Easy cleaning — The hardness and abrasion resistance makes for easy cleaning with mild cleaning solutions. High gloss and surface lubricity also lets graffiti wipe off.

Scratch and abrasion resistance – Hardness also gives substantially more resistance to scrapes than the hardest organic coating.

Chemical and corrosion resistance — Surfaces stand up to acids, alkalis, water, solvents, oils, and UV light, as well as to corrosive industrial atmospheres, salt, air, gas, smoke, and soil.

Flameproof — Heat doesn't change physical or chemical properties or appearance.

Color stability — Coating colors are used as physical color standards for the ink, plastics, and textile industries. Glossy, acid-resistant porcelain enamel has shown no change in color or gloss after 15 yr of exposure to weather. And it will not peel, blister, or delaminate from the metal surface if applied correctly.

Environmentally friendly — The application process requires no solvents.

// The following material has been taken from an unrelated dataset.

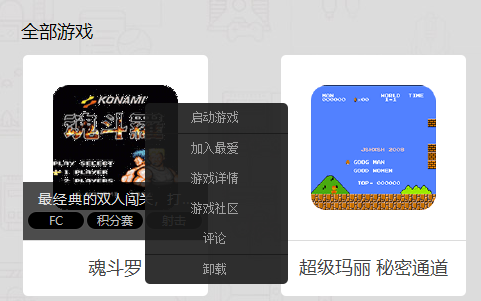 点击悟饭游戏厅页面上方的“我的游戏”字样,就能跳转查看用户下载安装的全部游戏。选中对应的游戏图标后,单击鼠标右键,就能将游戏加入“我的最爱”栏中,或者是卸载掉游戏。

Performance versus stainless steel
Porcelain enamel has long been used as an exterior finish. Several tests show how it compares to stainless steel. The tests gauge hardness, abrasion resistance, impact resistance, room-temperature stain resistance, heat resistance, and cleanability.

Stainless steel is defined as alloy steel containing more than 10% chromium. A passive chromium-oxide layer forms on the surface and resists corrosion. Stainless steel is classified according to the iron phase present in the alloy. Steels of various classifications have properties that suit them for particular uses. The austenitic 304 alloy is widely used in appliances.

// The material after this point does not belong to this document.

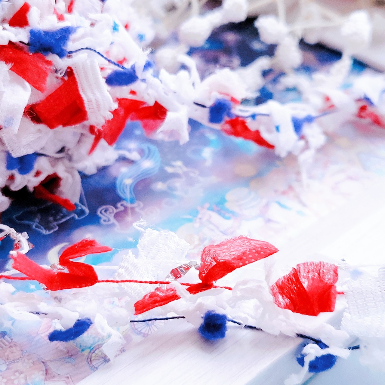 素材:チュール、ラメ糸、レース、リボン、段染め糸 など

For the comparison tests, two porcelain enamels were run against 304 brushed stainless steel: A cover coat (Ferro PC168C on PL52 ground coat) that is typically used on cooktops; and an aluminum enamel (Ferro GL4317) that can be used on cookware. The metallic-look cover-coat enamels were in development at the time of testing. However, their formulation and performance closely resembles that of production cover coats. Metallic-look colors are also available in aluminum-enamel formulations.

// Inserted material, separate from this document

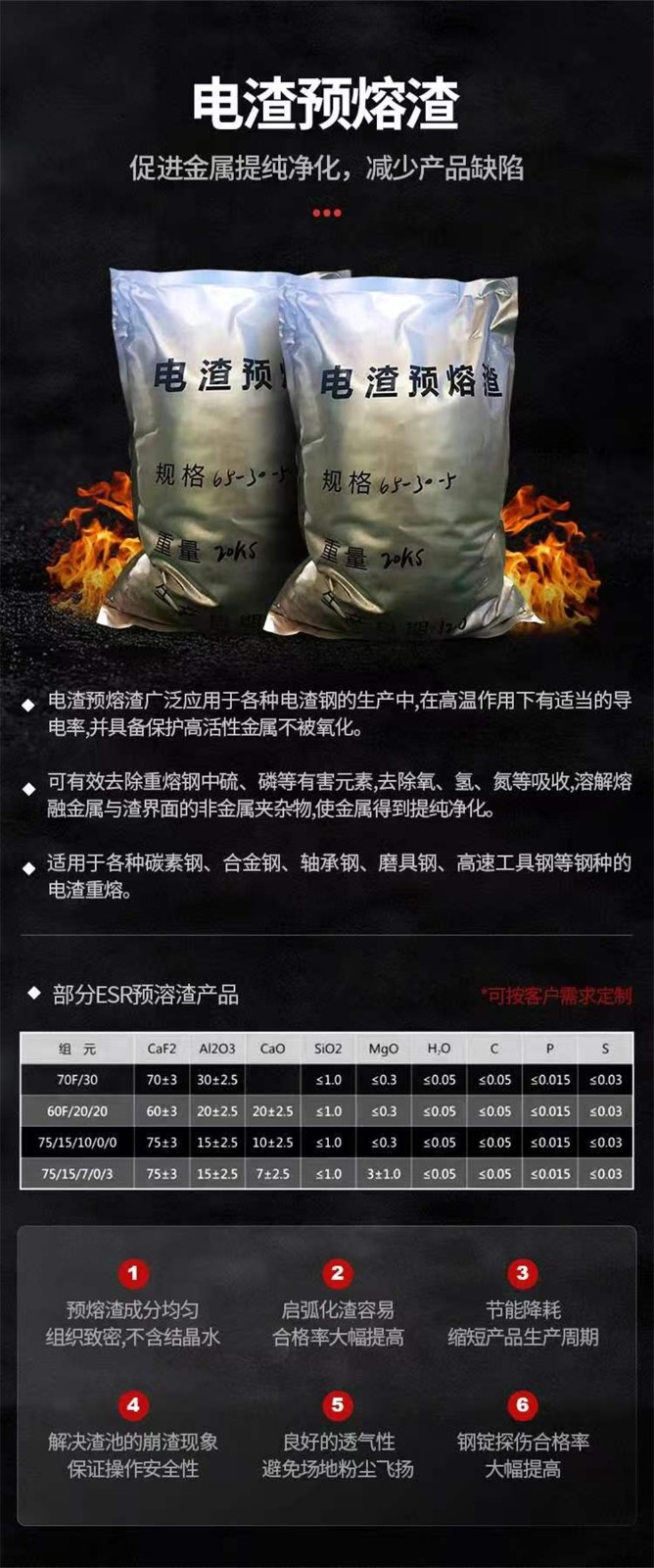 用于各类电渣钢(轴承钢、模具钢、合金钢等)的电渣重熔,通过高温导电性保护金属、去除 S/P/O/H/N 等有害元素与夹杂物,净化钢液、避免铸锭裂纹与夹杂超标。

Hardness of typical porcelain enamels runs between 5 and 6 on the Mohs scale. This is relatively greater than the 88 HRB

hardness of 304 brushed stainless steel. The ASTM D 33630-00 Standard Test Method for Film Hardness by Pencil Test covers the hardness of organic paints. This test assesses the force required to gouge a coating with a drawing lead of calibrated hardness. Both enamels were off the scale and could not be scratched with the hardest 9H pencil, while a softer 5H pencil scratched the stainless sample.

The ASTM D 4060-95 Standard Test Method for Abrasion Resistance of Organic Coatings by the Taber Abraser evaluates abrasion resistance. Panels experienced 2,000 cycles under the hardest CS-17 wheels with a 1-kg load. The technicians measured weight loss. Stainless steel lost about as much weight as the enamels but was visually scratched up and damaged. Chipping has been an issue for the enameling industry. But there's now a better understanding of frit formulations and metal-design principles to minimize the chance for chipping.

Impacts will deform and possibly dent stainless steel, but the metal won't be seriously compromised. However, stainless has a reputation for scratching easily. Furthermore, a porcelain-enamel finish readily covers stamping defects and scratches in the metal, which would otherwise make stainless steel high-cost scrap.

Six foodstuffs and three typical household cleaners served as a test for stain resistance. The foods were barbecue sauce (Bullseye Original), Heinz Ketchup, RealLemon lemon juice, Heinz Worcestershire Sauce, Twinings Earl Grey tea, and Heinz vinegar. The cleaners were Easy Off, Formula 409, and ammonia (Topco Top Crest). Easy Off, containing approximately 5% NaOH, is quite alkaline. Formula 409 contains a mixture of surfactants and a likely smaller amount of NaOH in 2-propanol.

Tests with foods used soils placed under watch glasses for 48 hr. Test duration for cleaners was 24 hr. A value of zero was assigned for no stain and a one was assigned for a permanent stain. The total number of stains was then added up to generate a ranking for the surface.

All six soils left light marks on the 304 stainless steel. In contrast, the aluminum enamel had no stains, and the cover coat was stained only by vinegar. The stainless was attacked by both the Formula 409 and ammonia. Neither stained the cover coat and the aluminum enamel was stained by ammonia.

Heat-resistance tests used the Lab color of panels measured by a DataColor International Spectraflash SF 450 color machine. This machine measures the brightness, the amount of red or green, and the amount of yellow or blue. For consistency, the stainless-steel panel was always measured with the same orientation to the brushing. The panels saw 750°F (399°C) for up to 72 hr. Every 24 hr, panels came out of the furnace and were measured for color after cooling.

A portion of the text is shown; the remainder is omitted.